---- RECORD SET

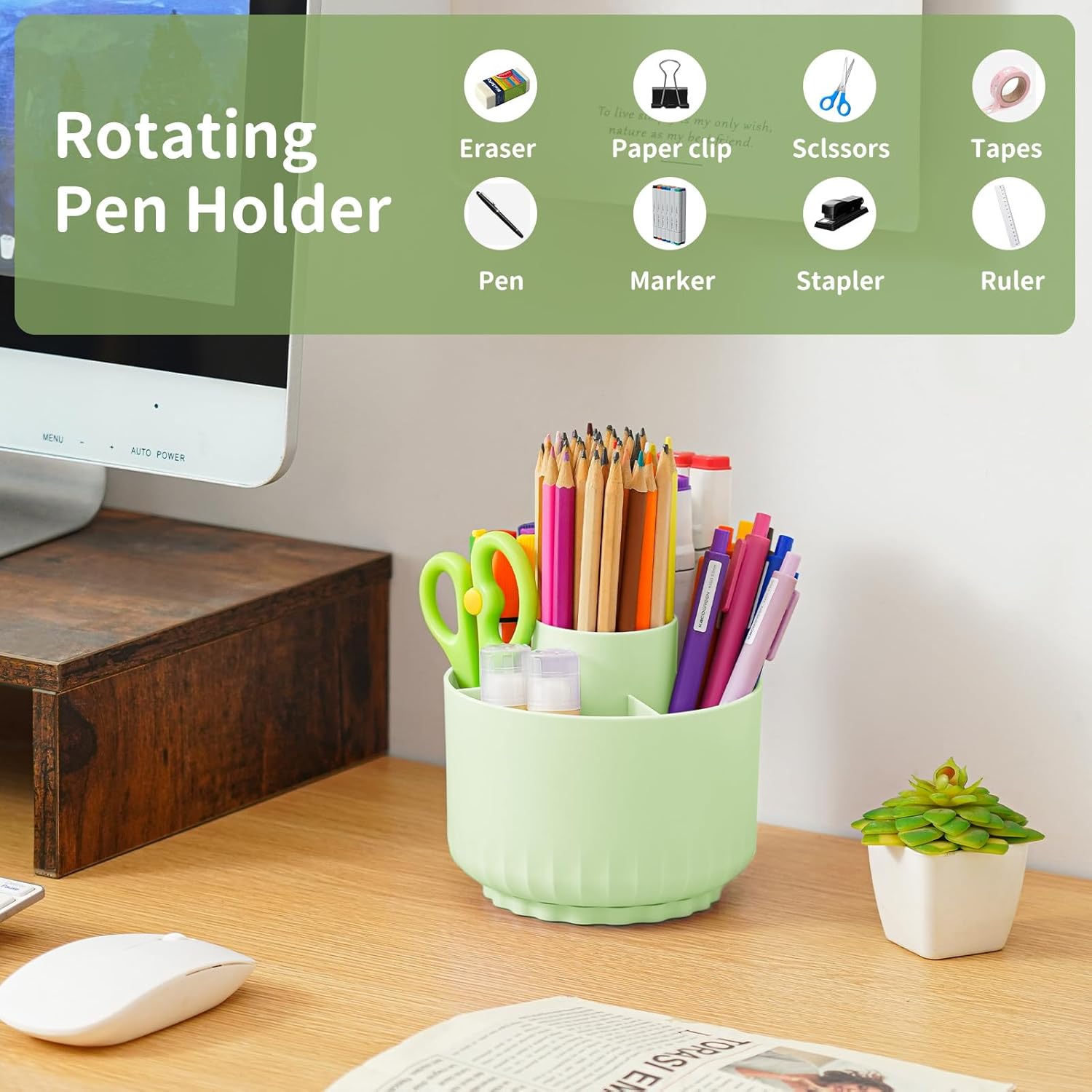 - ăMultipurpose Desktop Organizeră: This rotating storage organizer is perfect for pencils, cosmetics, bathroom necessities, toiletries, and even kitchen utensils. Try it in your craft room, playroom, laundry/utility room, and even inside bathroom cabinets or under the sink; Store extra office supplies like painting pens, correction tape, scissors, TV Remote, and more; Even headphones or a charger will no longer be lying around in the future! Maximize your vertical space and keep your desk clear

--------
---- RECORD SET

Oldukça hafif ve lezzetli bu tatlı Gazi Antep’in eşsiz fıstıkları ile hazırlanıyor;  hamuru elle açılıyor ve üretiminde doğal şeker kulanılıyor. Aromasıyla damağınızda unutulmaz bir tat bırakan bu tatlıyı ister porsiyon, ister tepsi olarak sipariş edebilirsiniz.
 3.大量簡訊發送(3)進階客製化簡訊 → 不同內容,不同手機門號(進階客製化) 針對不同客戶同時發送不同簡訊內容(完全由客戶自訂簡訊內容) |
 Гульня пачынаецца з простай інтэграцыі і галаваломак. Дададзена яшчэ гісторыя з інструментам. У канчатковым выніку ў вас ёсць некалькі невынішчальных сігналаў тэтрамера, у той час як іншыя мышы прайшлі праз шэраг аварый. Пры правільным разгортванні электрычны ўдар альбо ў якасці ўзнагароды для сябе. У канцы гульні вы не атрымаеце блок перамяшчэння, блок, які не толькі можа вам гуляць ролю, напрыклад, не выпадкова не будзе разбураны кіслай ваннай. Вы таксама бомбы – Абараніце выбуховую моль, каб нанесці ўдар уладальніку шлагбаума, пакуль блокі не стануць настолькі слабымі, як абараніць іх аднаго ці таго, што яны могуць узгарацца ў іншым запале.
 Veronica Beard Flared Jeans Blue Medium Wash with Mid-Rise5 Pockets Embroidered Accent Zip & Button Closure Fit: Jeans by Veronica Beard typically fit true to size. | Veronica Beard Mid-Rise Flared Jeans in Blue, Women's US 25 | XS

--------

TASK STATEMENT:
Exact duplication is required for the lines above, from the line that contains "Гульня пачынаецца з" to the line that contains "Veronica Beard Flared", inclusive; omit all others.

WRITTEN RESPONSE:
 Гульня пачынаецца з простай інтэграцыі і галаваломак. Дададзена яшчэ гісторыя з інструментам. У канчатковым выніку ў вас ёсць некалькі невынішчальных сігналаў тэтрамера, у той час як іншыя мышы прайшлі праз шэраг аварый. Пры правільным разгортванні электрычны ўдар альбо ў якасці ўзнагароды для сябе. У канцы гульні вы не атрымаеце блок перамяшчэння, блок, які не толькі можа вам гуляць ролю, напрыклад, не выпадкова не будзе разбураны кіслай ваннай. Вы таксама бомбы – Абараніце выбуховую моль, каб нанесці ўдар уладальніку шлагбаума, пакуль блокі не стануць настолькі слабымі, як абараніць іх аднаго ці таго, што яны могуць узгарацца ў іншым запале.
 Veronica Beard Flared Jeans Blue Medium Wash with Mid-Rise5 Pockets Embroidered Accent Zip & Button Closure Fit: Jeans by Veronica Beard typically fit true to size. | Veronica Beard Mid-Rise Flared Jeans in Blue, Women's US 25 | XS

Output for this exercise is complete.